OLEH: ACHMAD NUR HIDAYAT
CV19 telah merebak di berbagai propinsi dan telah menyebabkan kematian di luar ibukota.
Pasar keuangan global juga terguncang. Dalam satu bulan pasar saham amerika, pasar inggris, pasar kanada, pasar brasil, pasar rusia, pasar australia secara bersamaan telah turun diatas 25%.
Periode 20 Februari sampai 20 Maret 2020, pasar saham AS turun -26%; pasar saham UK turun -26%; pasar saham CA turun -25%; pasar saham BRA turun -27%; pasar saham RUS turun -20%, pasar saham AUS turun -24%.
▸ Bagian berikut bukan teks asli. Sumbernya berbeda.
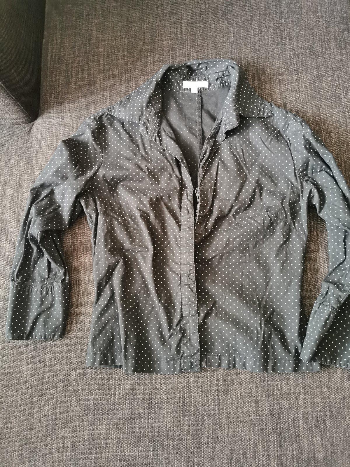 Čierna blúzka s bielymi bodkami. Zapínanie na háčiky. Krásne ukáže na postave.
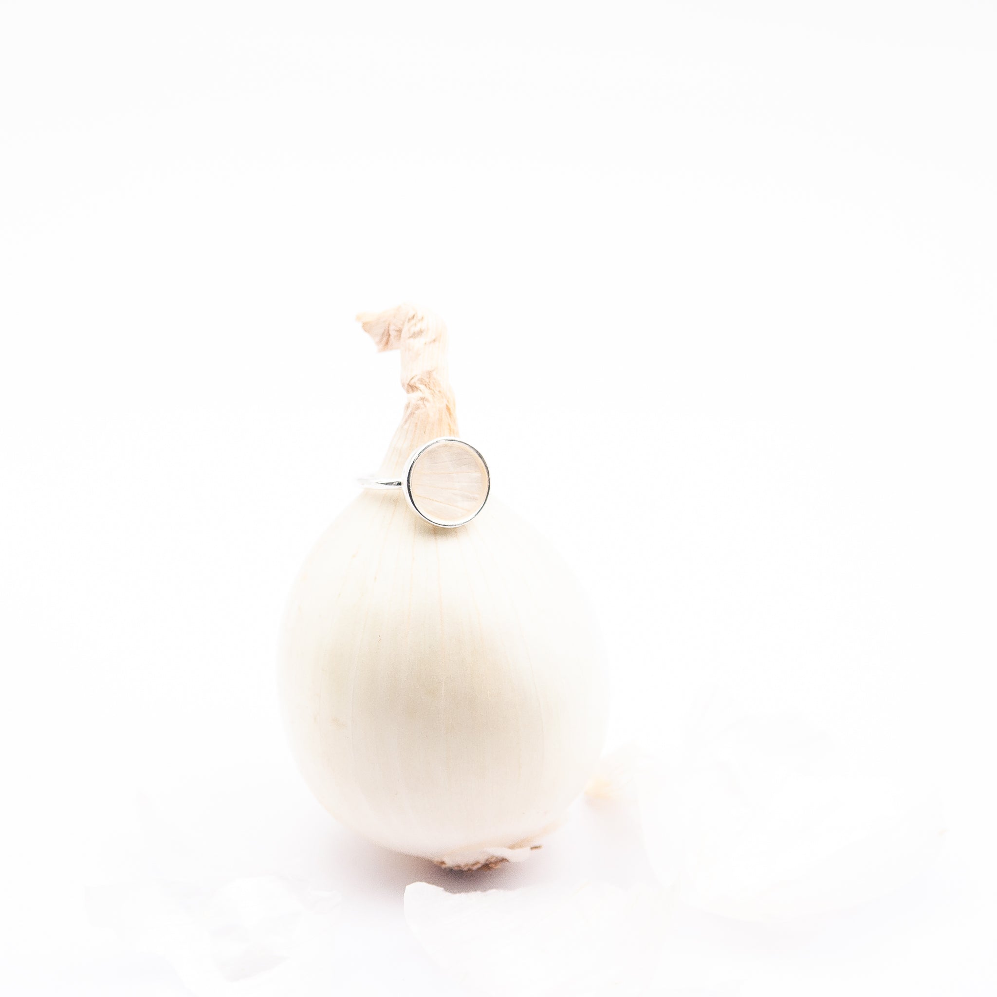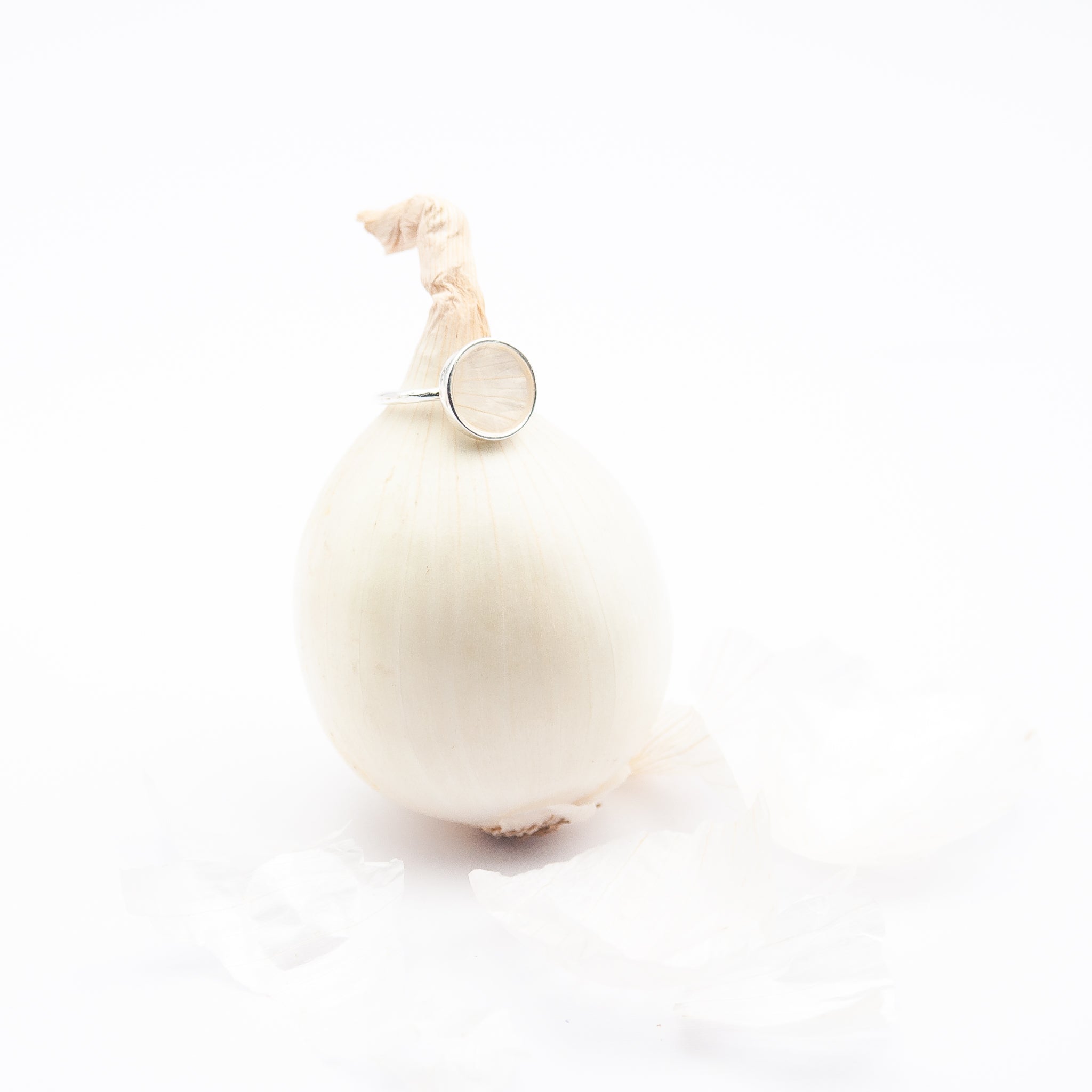 Un anello dal fascino essenziale, in cui la buccia di cipolla bianca si trasforma in una superficie chiara e luminosa, custodita in una montatura in argento. La sua semplicità lo rende un gioiello discreto ma sorprendente, capace di evocare poesia da un dettaglio quotidiano. Un piccolo incanto che racconta l’incontro tra cucina e sogno.

Bursa Efek Indonesia dalam periode yang sama turun terburuk di dunia sebesar -30% dibandingkan bulan lalu (4,194 per 20/03). Bahkan rupiah sudah di level 16,354 dengan catatan bahwa biaya yang telah dikeluarkan BI untuk rebuy back SBN sebesar Rp195 triliun (ytd).
Pertumbuhan ekonomi Indoneasia diprediksi turun 1.2-1.5% menjadi 4.2-4.6% jatuh dibawah 5% tahun 2020, bahkan Sri Mulyani menginggatkan dengan skenario terburuk bisa tumbuh 0%.
Jumlah death toll rate, Indonesia yang tertinggi prosentasenya (8,67%), Italia (8.57%), Iran (7.29%), China (4%), USA (1.32%) dan Malaysia (0.29%).
Kombinasi turunnya proyeksi pertumbuhan ekonomi, penurunan tajam rupiah, penurunan tajam IHSG, dan tingginya death toll rate, Indonesia tidak bisa seperti saat ini yaitu keraguan memberikan stimulus yang besar dan signifikan.
Stimulus yang dapat membantu rakyat atasi dampak social distanting diantaranya adalah pemberian BLT (Cash) untuk semua rumah tangga yang cukup besar seperti pola Jepang (Rp1.7 juta per rumah tangga) atau pola AS (Rp15 juta/dewasa), Menerbitkan aturan penangguhan pembayaran kredit masyakarat; Penurunan PPN; Subsidi UMKM untuk bayar karyawan dan alihkan dana-dana tunjungan dinas PNS untuk bangun RS darurat.
Stimulus akan memperbesar defisit menjadi 4-5% maka perlu kerjasama dengan DPR untuk merelaksasi aturan defisit max 3%.
Indonesia harus bersatu dan bukti bersatunya tersebut dengan diikuti aturan social distanting oleh warga masyarakat secara disiplin disamping kekompakan pemerintah pusat, daerah dan politisi DPR menerbitkan stimulus ekonomi yang signifikan.
Bila tidak, jangan kaget bila Indonesia adalah menjadi negara gagal dalam mengatasi CV19 dalam ekonomi dengan disertai angka kematian yang tinggi di dunia.